Робкость большинства социалистов в эти "июльские дни" в конечном итоге дорого им обойдется. Однако это было скрыто на несколько недель летом 1917 года, когда Временное правительство предложило отвлечь внимание, обвинив большевиков в беспорядках в Петрограде (и синхронном развале фронта), утверждая, что В.И. Ленин и его партия, некоторые из которых были переправлены в Россию из Швейцарии на "пломбированном поезде", предоставленном Германией, были платными агентами кайзера, и обнародовало документы (начиная с 5 июля 1917 года), которые, казалось, подтверждали утверждения о том, что большевики были пятой колонной, работавшей на Берлин. Теперь мы знаем, согласно безоговорочному заключению самого подробного расследования этого дела, что материалы, имевшиеся в распоряжении Временного правительства, на самом деле не содержали "никаких доказательств" того, что средства в казну большевиков поступали из Берлина. В насыщенной слухами атмосфере российской столицы в июле-августе 1917 года, однако, все казалось возможным. Но даже если в послефевральской эйфории было принято считать, что "врагов слева нет", зрелище того, как "революционное" правительство, в котором участвовали социалисты, запрещает социалистическую партию, арестовывает ее лидеров, занимает ее штаб-квартиру и вызывает казаков, оставляло очень горький привкус.

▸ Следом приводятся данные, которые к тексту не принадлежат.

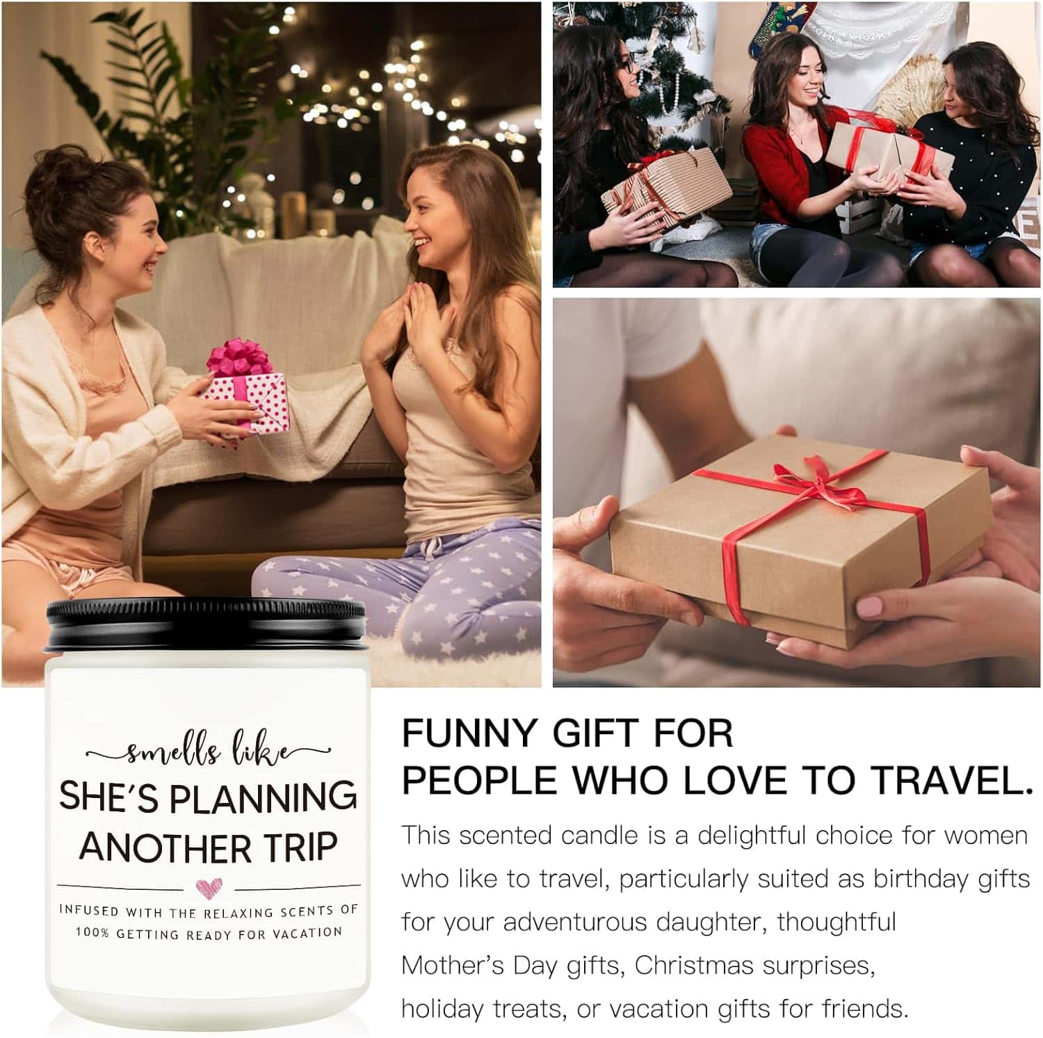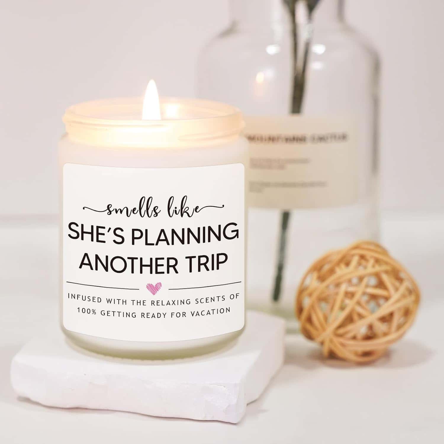 From tangible perks like its eco-friendliness and long-lasting burn time to emotional benefits like a sense of serenity and relaxation, this travel candle offers users the gift of moments. Its charming and humorous message, “Smells like she’s planning another trip,” makes it a conversational piece and keepsake, sharing laughter and love long after the candle is burnt out. This makes it an ideal gift choice for travel enthusiasts brimming with wanderlust, adding a personal touch to their lives.

Гражданская война, не объявленная, август 1917 - январь 1918
Диспепсия российских демократов должна была обостриться во время второго великого кризиса в стране летом 1917 года, когда после того, что показалось неудавшимся военным переворотом генерала Корнилова - войска, которым он приказал идти на столицу, были убеждены отказаться от действий революционными агитаторами и красногвардейцами, высланными навстречу им Петроградским советом, - выяснилось, что командующий действовал не один, а (или так казалось) в партнерстве с социалистическим премьер-министром А.Ф. Керенским. Это событие, "дело Корнилова", остается наиболее глубоко противоречивым аспектом истории русских революций 1917 года. Различные школы мысли спорят о том, насколько Керенский был причастен к планам генерала, а также ведут длительные споры о том, каковы были намерения Корнилова: хотел ли он разгромить Совет или раздавить правительство?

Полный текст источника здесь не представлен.